The ATTRACT (Acute Venous Thrombosis: Thrombus Removal with Adjunctive Catheter-Directed Thrombolysis) trial investigators sought to determine the value of PCDT in treating proximal DVT. Although the trial did not show a significant decrease in the syndrome at two years following treatment, it did observe a reduction in its severity and an accelerated resolution of acute symptoms.

The ATTRACT trial was coordinated by research groups at Washington University (St. Louis), McMaster University (Hamilton, Ontario), Massachusetts General Hospital (Boston) and the Mid America Heart Institute (Kansas City, Mo). Patients were enrolled and managed in 56 U.S.-based hospitals. Susan Kahn, M.D., of Jewish General Hospital in Montreal led the investigators.

A total of 692 patients were evaluated between 2009 and 2014 with follow-up at one, six, 12, 18 and 24 months. Randomization resulted in 337 allocated to PCDT and 355 to no PCDT. General patient demographics showed a patient population that was a mean age of 53, 62 percent male and 57 percent iliofemoral versus 43 percent femoral-popliteal DVT.

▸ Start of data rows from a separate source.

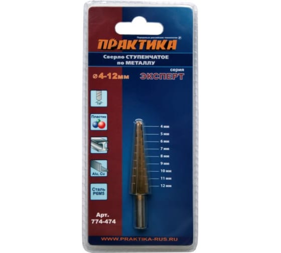 Сверло по металлу ступенчатое ПРАКТИКА 4-12 мм шаг 1 мм в Комсомольск-на-Амуре
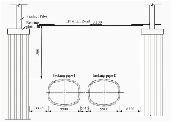 The cross-section of the concealed excavation section is shown in Figure 1. The horizontal clearance between pipe jackings I and II is only around 2.05 m, and the designed depth of the jacking tunnel is 15 m. The pipe jackings will pass through the viaduct piles’ neighboring region, the normal advancement area, the entrance and exit reinforcement area, and the single-ring pipe junction, which is 2 m long and has a total of 41 ring segments.
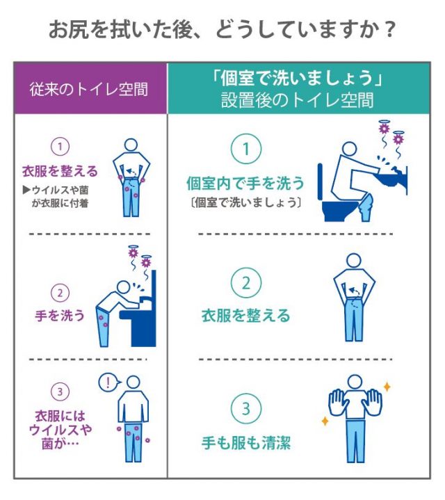 飲食店・学校給食などで発生する細菌感染や食中毒の多くは、不完全な手洗い設備が影響しているという。とくに用便後の手指が汚染源となり、衣類やドアノブにウイルスが付着、トイレの外にウイルスを持ち出してしまうケースが多いようだ。

For the group as a whole, VEINES (VEnous INsuffiency Epidemiological and Economic Study)-QOL scores for those undergoing PCDT versus no PCDT showed significant improvement at one and six months (difference 5.7, 5.1 points, respectively), but no difference at the later time intervals.

The investigators provided sub-group analysis, separating the iliofemoral from femoral-popliteal DVT.

For iliofemoral DVT, VEINES-QOL scores were improved significantly for those undergoing PCDT versus no PCDT at each time point:

  • 10-point difference at one month
  • 8.8 points at six months
  • 5.8 points at 18 months
  • 5.6 points at 24 months

In contrast, for femoral-popliteal DVT, there was no difference in the quality of life score between the treatment groups at any time point.

Why might PCDT have improved venous quality of life, even though it did not prevent post-thrombotic syndrome?

Dr. Kahn noted, “First, most of the improvement in QOL was in the first six months, and the trial did find that PCDT reduced clot burden and early leg pain and swelling over no PCDT, and was associated with a reduced point prevalence of PTS at six months, but not thereafter. Though PCDT did not prevent PTS, it did reduce its severity.”  

The decision to proceed with lytic therapy for patients with iliofemoral DVT can be complicated. This data supports offering this therapy to selected patients with severe symptoms, low bleeding risk and a willingness to undergo a catheter-based procedure.